- What is expected
Leave out every picture, and restate word for word only the lines from the one containing "(JJ Store)/Pet Supplies/Toys/DIRECT" through the end of the material.

- Records for the task
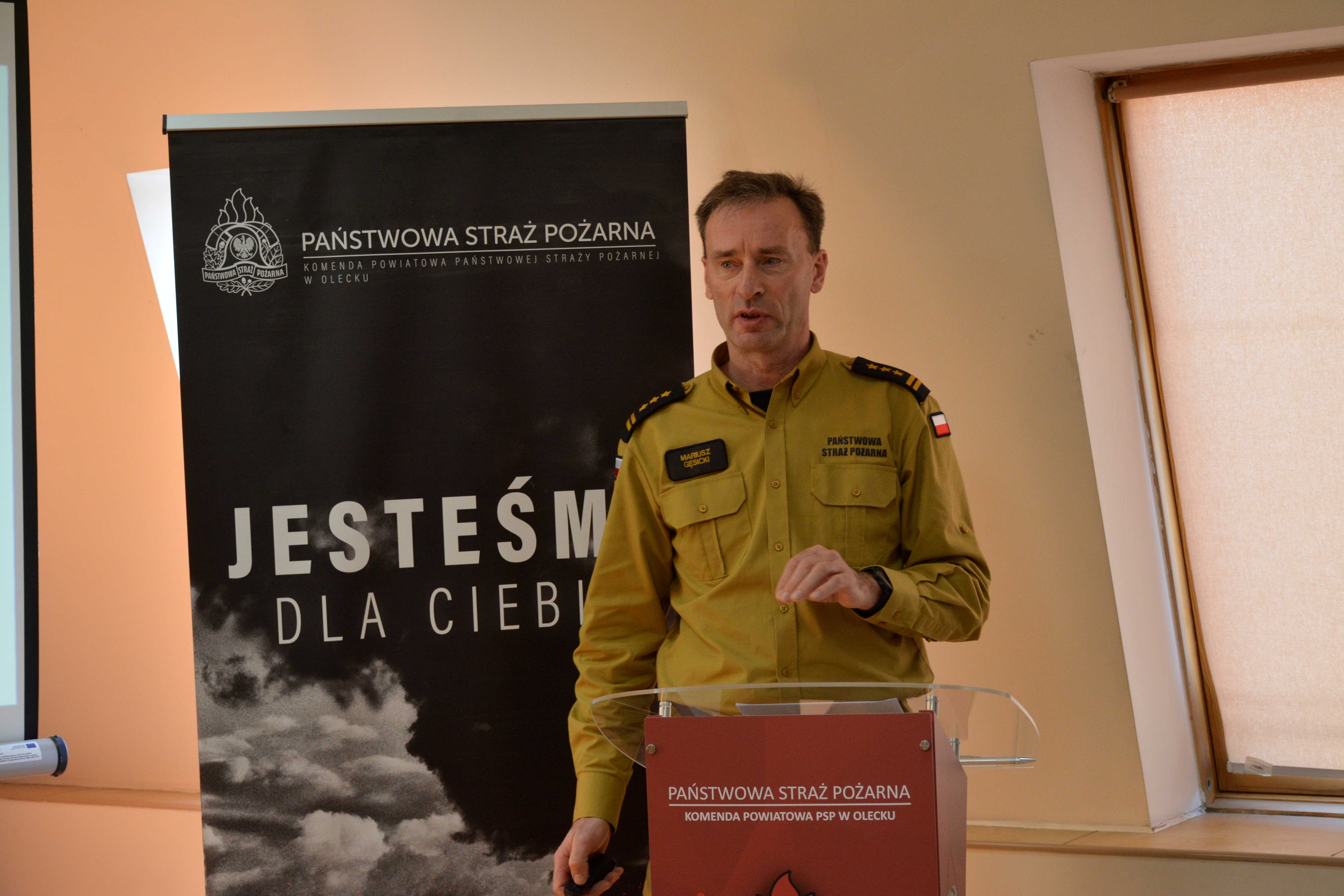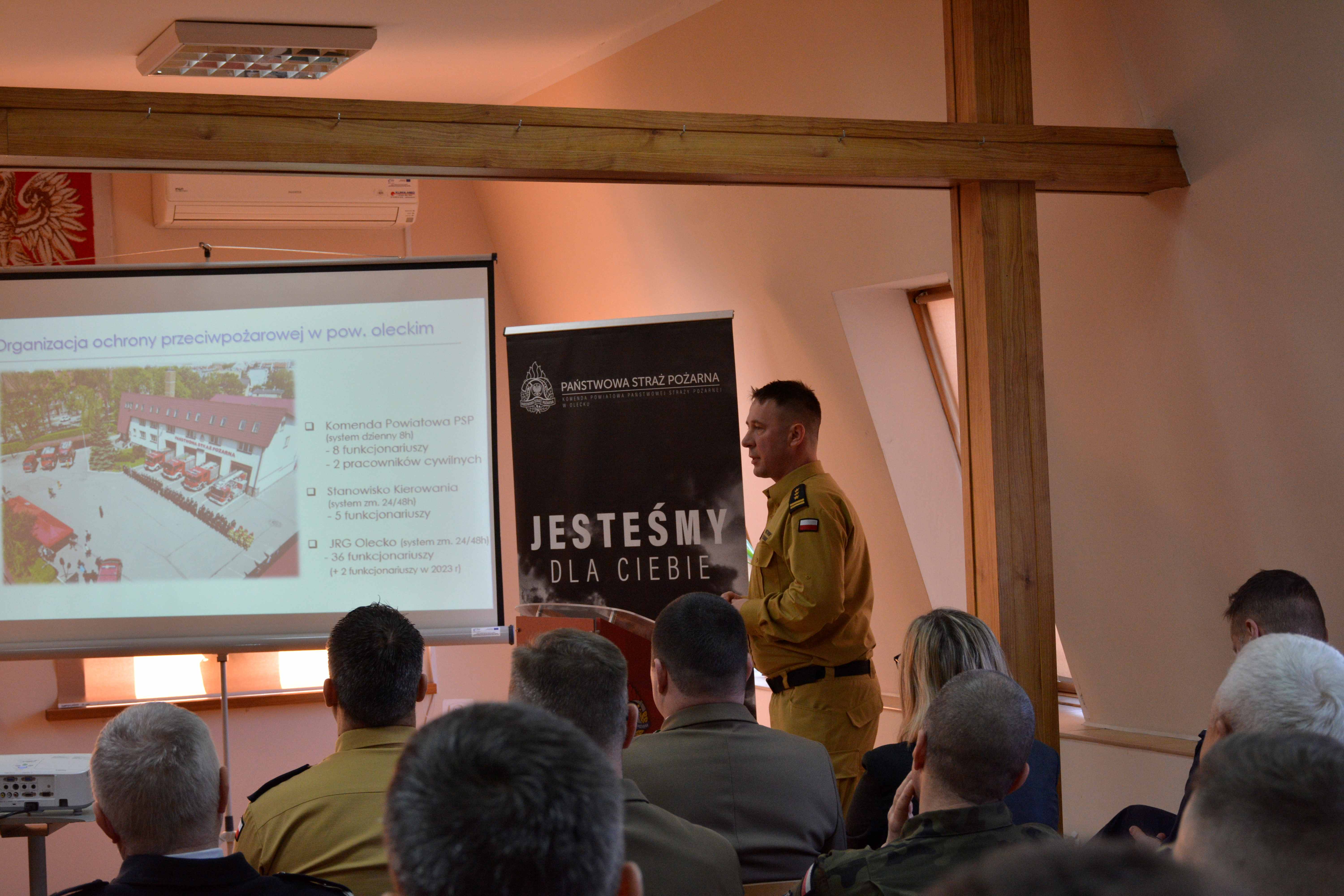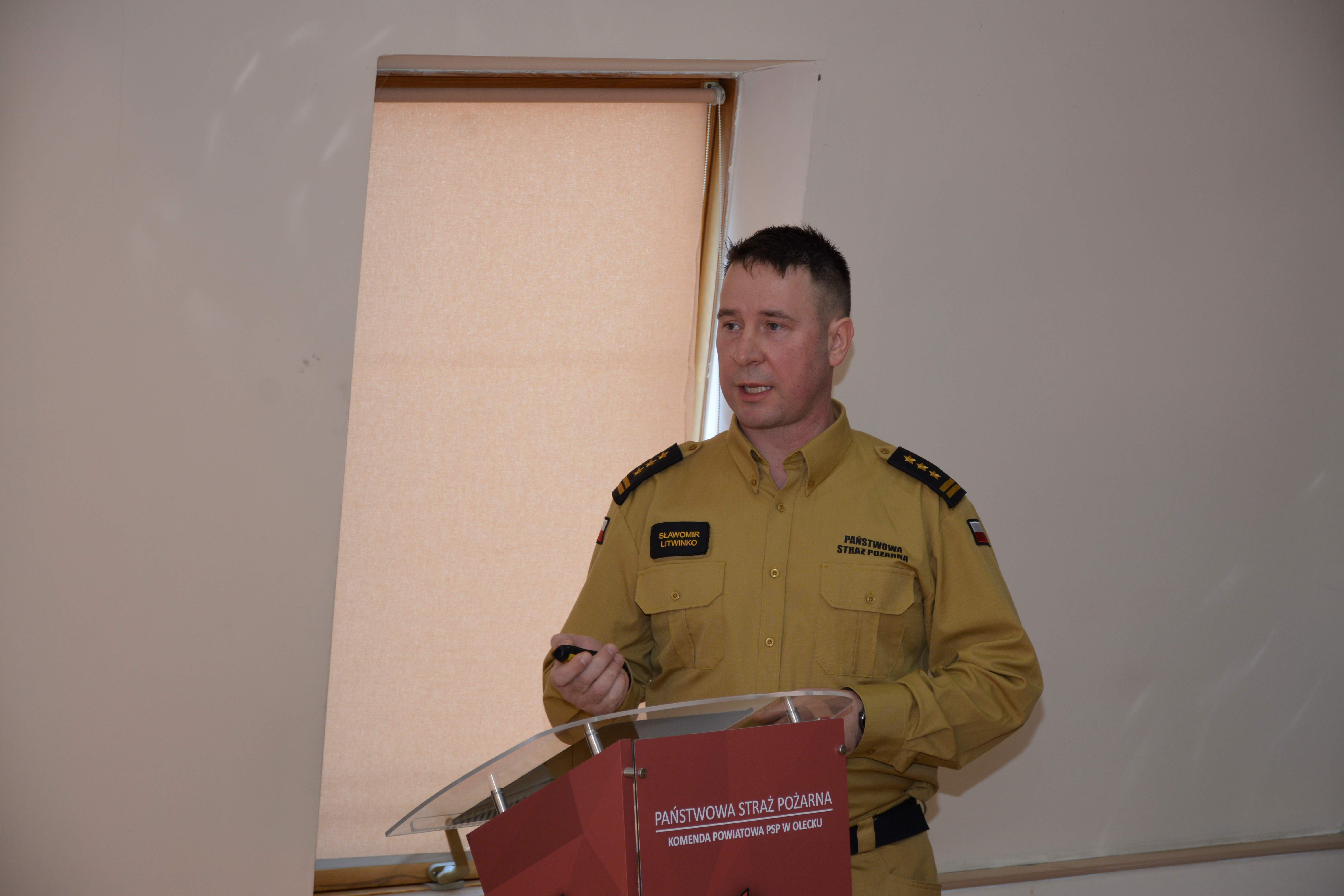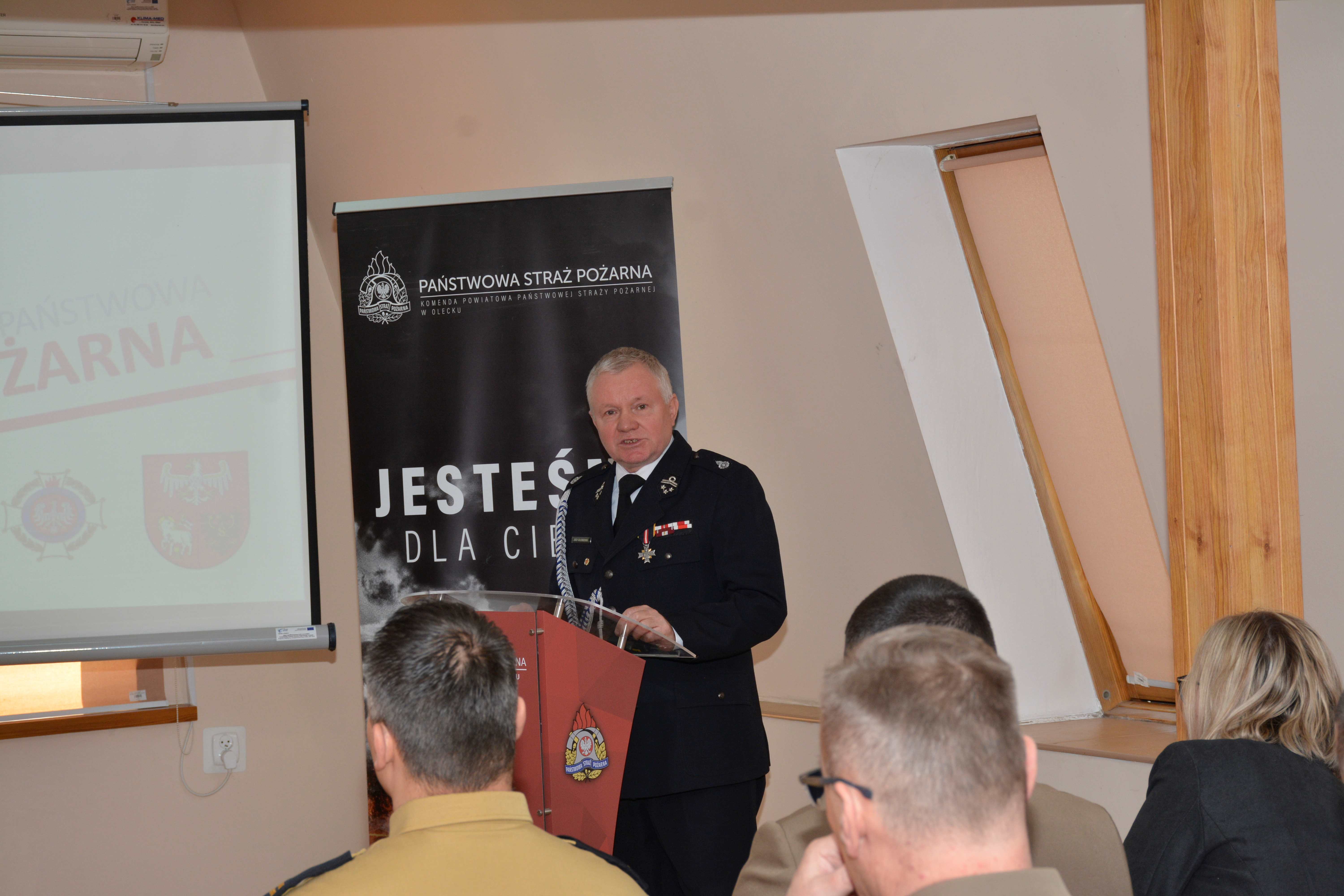 Meldunek o rozpoczęciu narady przyjął Zastępca Warmińsko-Mazurskiego Komendanta Wojewódzkiego PSP, st. bryg. Mariusz Gęsicki. Następnie Komendant Powiatowy PSP w Olecku, st. bryg. Sławomir Litwinko, przedstawił prezentację podsumowującą całoroczną działalność Komendy Powiatowej PSP w Olecku.
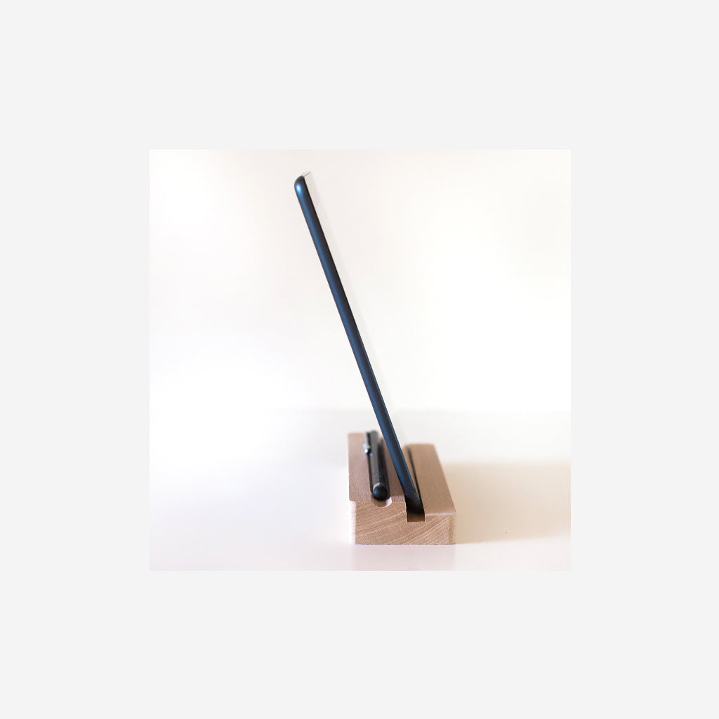 Dock is a simple and versatile design that accommodates business cards, small notepads, and mobile devices. Featuring an angled slot and half pipe groove to hold your pen or stylus, dock will ensure your desk or working surface remains clean and organised.
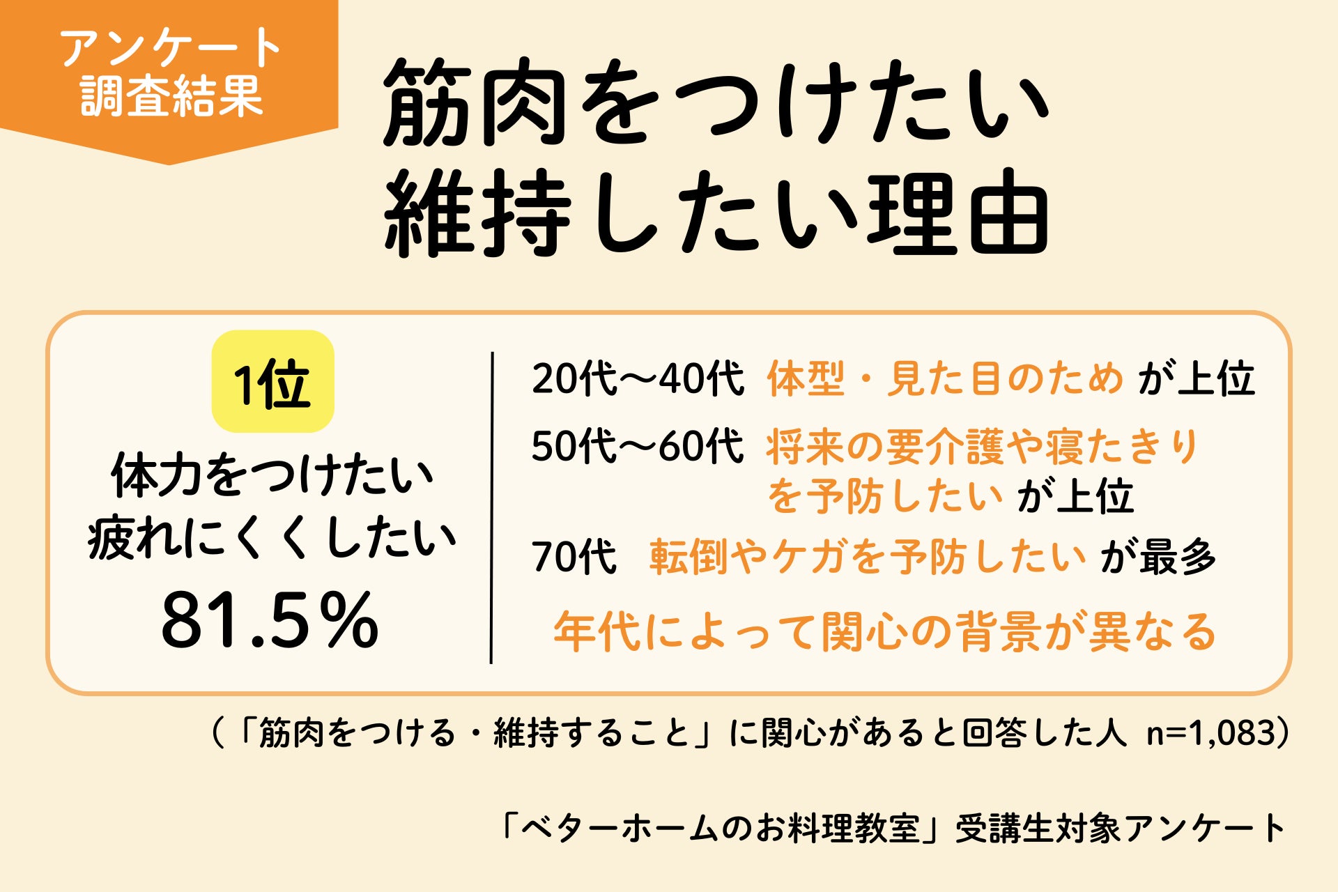 全国で料理教室を展開する一般財団法人ベターホーム協会(本部所在地:東京都渋谷区、理事長:大塚義幸、以下「ベターホーム」)は、「ベターホームのお料理教室」の受講生1,124人を対象に「筋活と食についての意識調査」を実施しました。
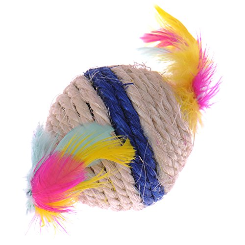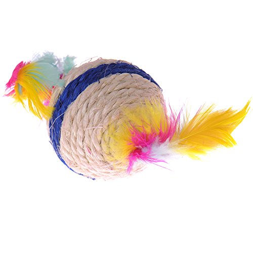 (JJ Store)/Pet Supplies/Toys/DIRECT FROM USA/JJ s tore 5.5cm Pet Cat Kitten Teaser Playing Chew Cute Toys Feather Sisal Rope Ball Random Color
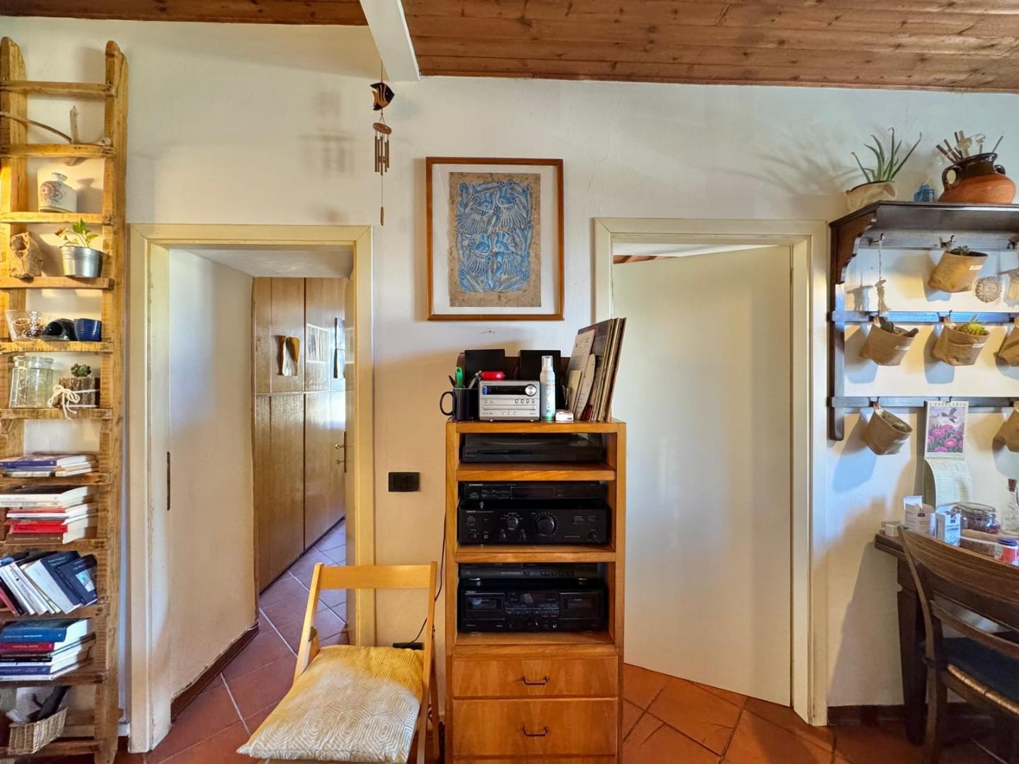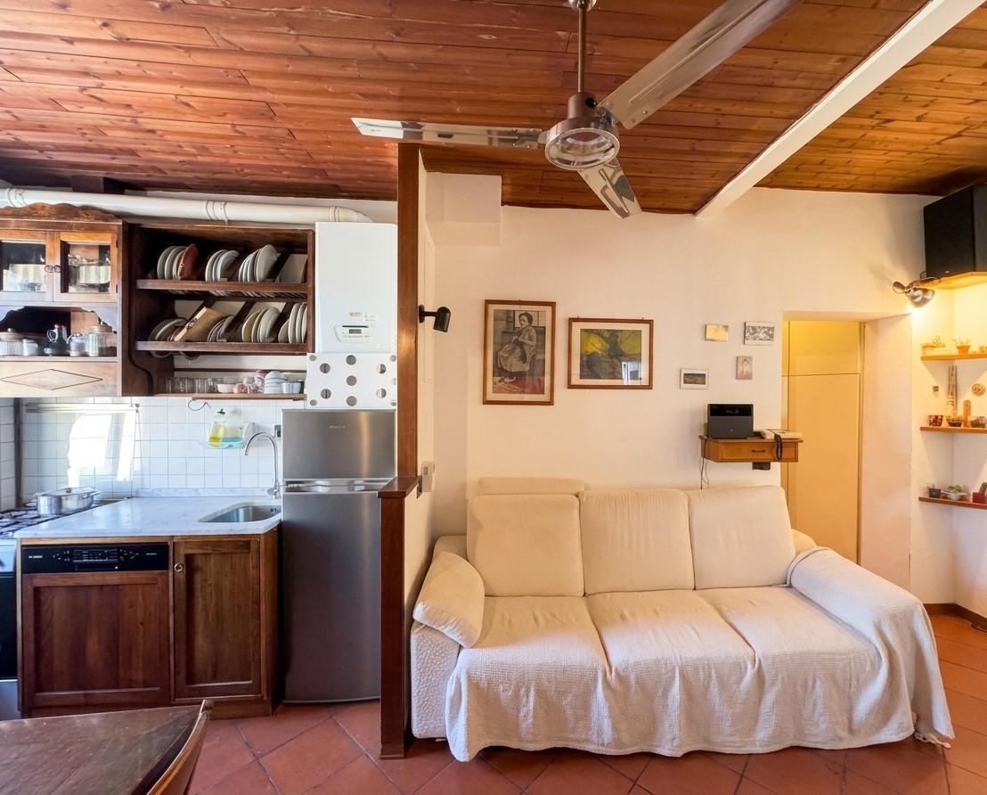 Gli Spazi: Labitazione si apre su una zona giorno accogliente con angolo cottura, perfetta per chi ama un ambiente conviviale e dal sapore rustico.

- Your solution
 (JJ Store)/Pet Supplies/Toys/DIRECT FROM USA/JJ s tore 5.5cm Pet Cat Kitten Teaser Playing Chew Cute Toys Feather Sisal Rope Ball Random Color
 Gli Spazi: Labitazione si apre su una zona giorno accogliente con angolo cottura, perfetta per chi ama un ambiente conviviale e dal sapore rustico.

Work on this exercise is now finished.